More general comments, not specifically in response to Slache:

 

We used Sonlight for preschool (P3/4) and preK (P4/5). Even at those young ages, I tweaked. And I did not at all like the K LA that we added to P4/5. And I used it at the younger ages rather than the older, so I felt that the books were a little too advanced for my child, but--especially after reading TWTM--I didn't want to delay Core A (intro to world cultures) until 1st and not start history until 2nd, and I didn't want to do their cycle--world cultures, 1-2 years of world history, 1-2 years of American history, repeat. I didn't get the impression that their materials would help me discuss the books with my daughter as she got older, and I need help with that.

 

And as conservative a Christian as I am, I still find a good bit of their marketing statements and some of their books (some missionary ones) to be too fundamentalist for me. I was uncertain about supporting them financially for those reasons. And then there was a big kerfluffle when they attached specific grades to the cores. I had started considering slowing down our progression through the cores, but I realized that if I did that, then I'd end up teaching my daughter with products that were labeled a grade or two below where I considered her to be, and if she picked up on that, or if my husband's employer--who pays for our homeschool expenses--picked up on that, it would be trouble.
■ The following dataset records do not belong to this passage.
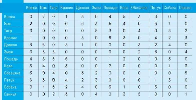 Таблица совместимости знаков по годам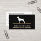 Cartões de visitas doberman Pinscher de criador de cães com silhueta Doberman gráfica e elementos design dourados impressos digitalmente na frente para adicionar um toque de classe num design duplo que inclui impressão lateral dupla. Organize suas informações de detalhes de negócios da forma que você quiser em ambos os lados.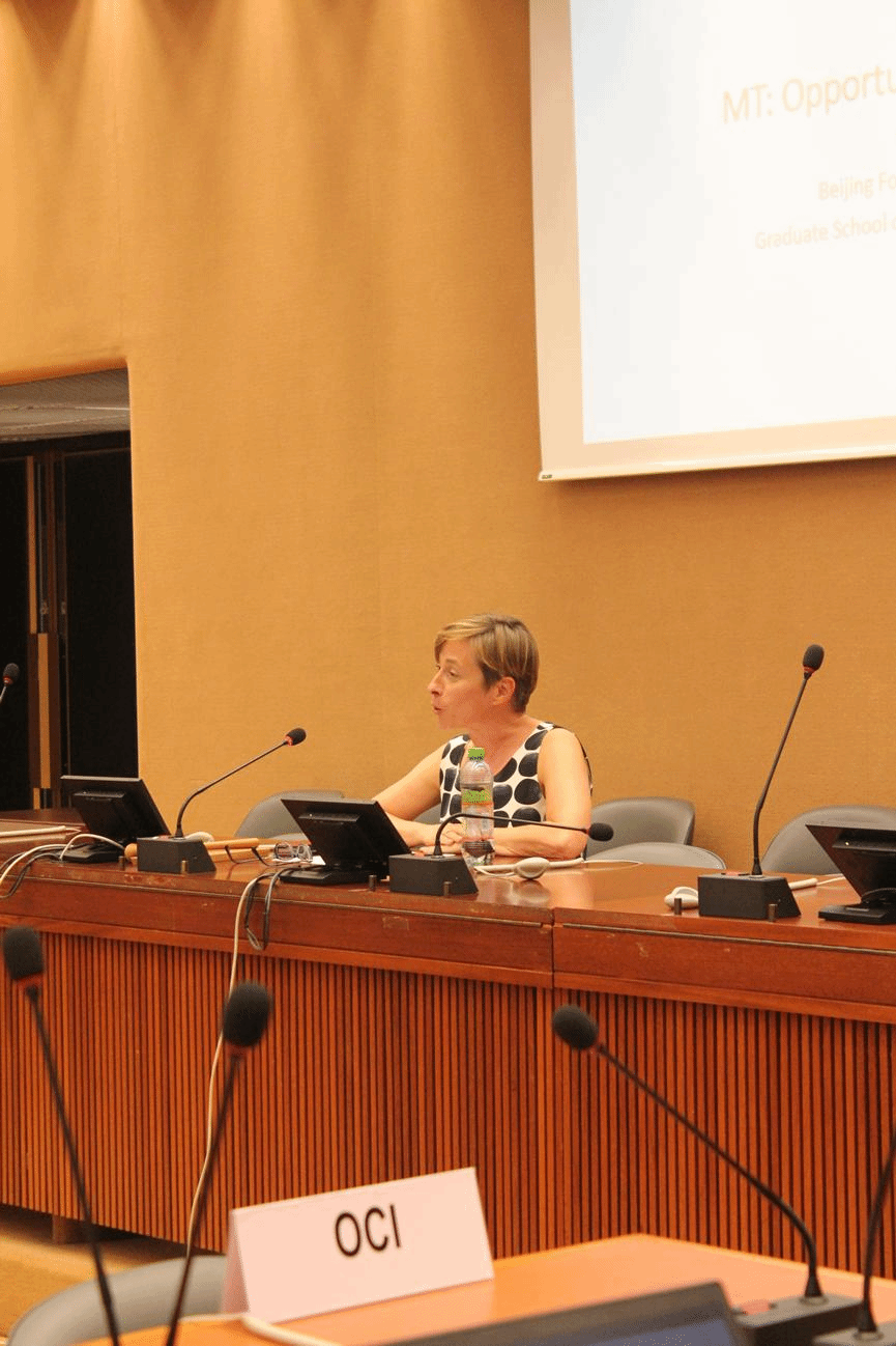 826日,李长栓教授作了题目为《机器翻译:机遇和问题》的报告。来自联合国日内瓦办事处、国际劳工组织、世界知识产权组织、世界卫生组织、世界气象组织、国际电信联盟等机构的专业译员共有60余人参加。讲座引起了各语种译员的强烈共鸣。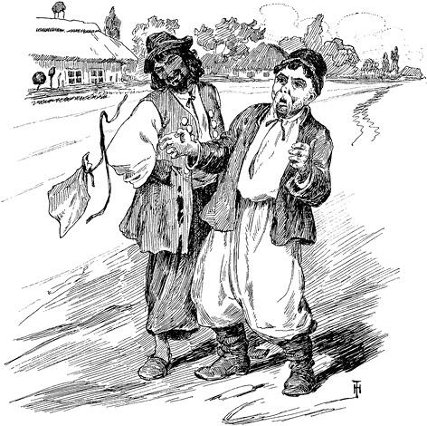 — Знаю, — продолжал высокий человек, — Левко много наговорил тебе пустяков и вскружил твою голову (тут показалось парубку, что голос незнакомца не совсем незнаком и как будто он когда-то его слышал). Но я дам себя знать Левку! — продолжал все так же незнакомец. — Он думает, что я не вижу всех его шашней. Попробует он, собачий сын, каковы у меня кулаки.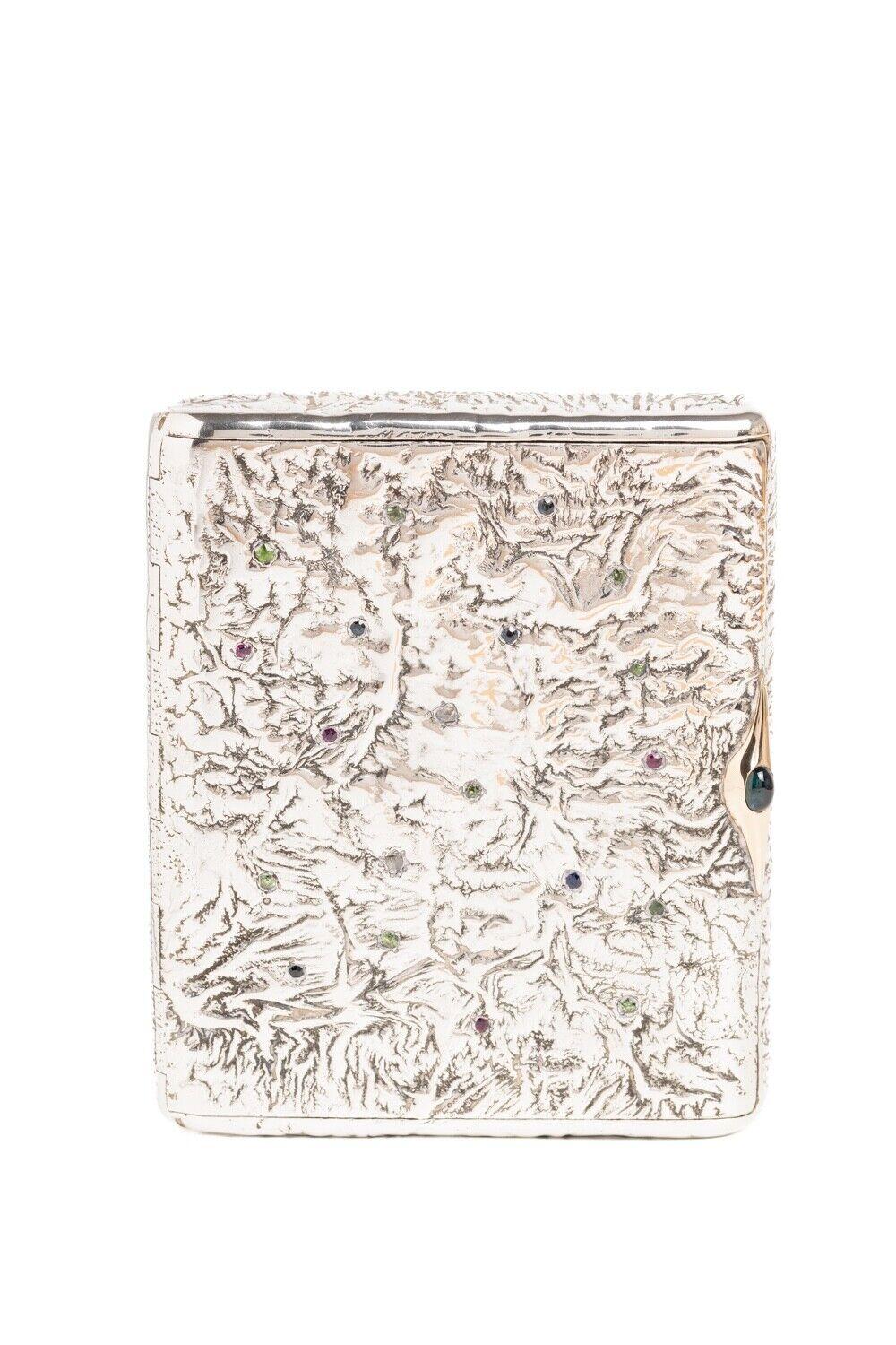 Russian Samorodok Silver Gilt & Gemstone Cigarette Case

And then I realized that these kerfluffles tend to happen regularly with Sonlight, and I decided that I couldn't trust them enough to plan for more than a year or two in advance, and I'm a serious long term planner--I'm fine with changing the plan from year to year, but I want to be able to tweak a plan, not be forced to create a new one because my product supplier radically changed something.

 

So I switched to Tapestry of Grace, and I really like it (so far, at least, one year in). I do look at the Sonlight website and book lists, and I've pulled several of their books to add to our studies, or to have available for fun literature. I'll get the catalog this year--I really want to see these book descriptions I've been hearing about for years. Removing LA from the core makes me more likely to go back to SL at some point, but even then, it isn't that likely, because my overall concerns about the company haven't changed and because I like TOG, and it's easy enough to pick up additional books from the SL list if I want to.

 

I think bittersweet is a good word to describe how I feel about Sonlight. They were my entry into homeschooling. Having their "perfectly laid out" plans, and still feeling the need to tweak them, taught me a lot about how I use curriculum--specifically, that although I like something that has a plan, it needs to be not so planned that it messes everything up when I tweak it! They gave me the confidence to branch out into something that fits me better, but that I would have found overwhelming had I started with it. But I still also have a little bit of the ick factor at some aspects of the company--even though I know Christians who are less conservative than I am who love Sonlight, and I still want to love them. I just ... don't.

Agree.  Great entry point to home schooling.  We loved most of the books and I read a lot to the kids.  So glad we did that.

 

The forums took a dive when multiple people left, and the discussions became less interesting.